Mark Franke: The significance of tradition

“You should always go to other people’s funerals, otherwise they won’t come to yours.”

Yogi Berra was, to my way of thinking, one of the two most significant philosophers of the 20th century. He had a simple, direct way of looking at life and summing up its highest order principles in his own elegant way. He was extraordinarily deft at applying the famed razor of William of Ockham.

To someone like me who grew up in a blue-collar home in a small northeast Indiana town, Ockham’s Razor can be understood as: “Cut the crap and get to the point.”

Which I will try to do.

Several weeks ago, I lost another cousin to a premature death. This is the third one, all younger than I, to predecease me. I descend from several quite large German immigrant families who settled Allen County well before the Civil War. I have at least 30 close cousins, by “close” I mean they were part of our Christmas gatherings and whose birthdays were an opportunity for us all to get together on one of the farms or at a city home.

We were a fecund tribe, something that has been lost in the demographic crisis of declining childbirth rates. I have second and third cousins, once and twice removed, whom I don’t even know. (A word to the wise: Don’t ask me to explain the difference between a second cousin and a first cousin once removed. I know the difference and can hold forth on the subject for hours.)

One of things I enjoy most in my dotage is to talk to someone who, unbeknownst to either of us, is my third cousin. This has happened more than once and it can be simultaneously both exciting and embarrassing to learn that a friend of many years is a relative.

Yogi is reminding me of his muse Ockham’s Razor right now so let’s get back to funerals.

My wife and I attended my cousin’s funeral and of course we were in the procession going to the cemetery. Funeral processions are a community ritual, more so in small towns but even in my Fort Wayne. There are still enough of us traditionalists around that we understand their significance. It is a procession of the family and friends of a member of our community who is being laid to rest. Reverential respect is the order of day even though we very likely never knew the deceased.

Even in semi-metropolitan Fort Wayne, protocol is observed. By that I mean oncoming traffic pulls over and stops until the procession has passed.

This funeral procession was not large but it needed to travel from one side of town to the other so that my cousin could be buried in the large Lutheran cemetery close to his parents. We went through downtown and traversed several rather busy thoroughfares. Nearly everyone stopped while we passed.

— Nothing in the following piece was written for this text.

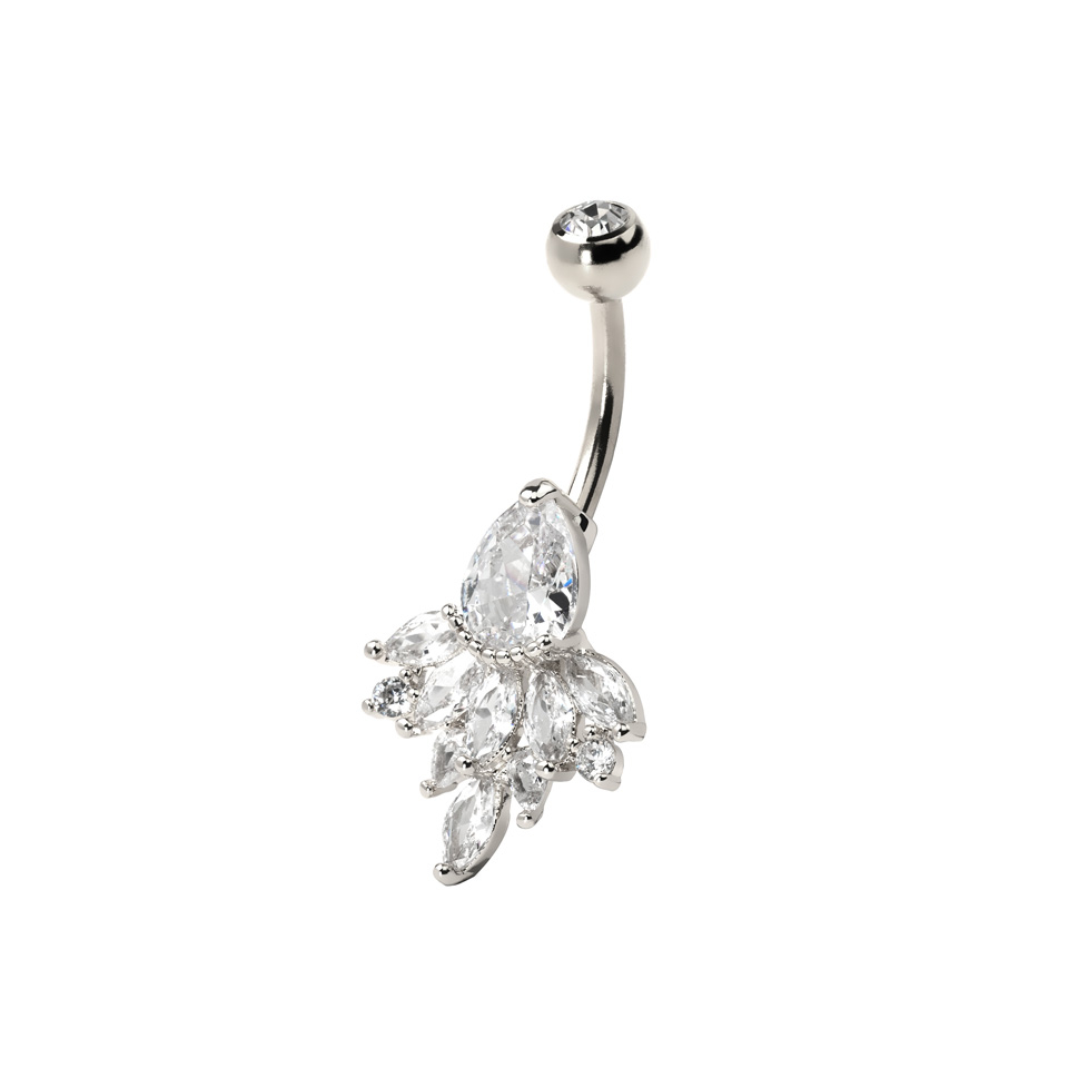 This belly button ring is simply gorgeous. To start with, it has a curved barbell of 3/8" (10 mm) in length and a top ball with a white stone. But if you look closer, you will see that it has several oblong stones fixed in a bigger drop-shaped stone. All of them are diamond faceted, so light reflects on them from different angles. The stones under it are distributed in three rows, and a single oblong stone hangs at the bottom end.

Everyone, that is, but for one driver with a rather inflated concept of self-importance whose time is much more important than everyone else’s. This impatient person pulled into the oncoming lane and passed the entire procession at a high rate of speed, running the red light at the next intersection. Fortunately the cars in the other lane had pulled over to the curb and those at the intersection were stopped to allow us to pass through so this self-important person was able to speed by without incident.

Perhaps this person was rushing a sick family member to the hospital or had been called to an emergency, so I should not be judgmental. Much more likely is that the driver just couldn’t be bothered to show respect for the deceased and his grieving family and friends. Even so, I am more saddened than angered by the fact that there are those so self-absorbed to feel no obligation to observe long-held social customs if it involves the least bit of inconvenience.

A positive take on this is that almost everyone else pulled over and stopped. Our midwestern ethos is still defending itself against the anti-culture barbarians at the gates. We are not Portland. There is comfort to be had in that.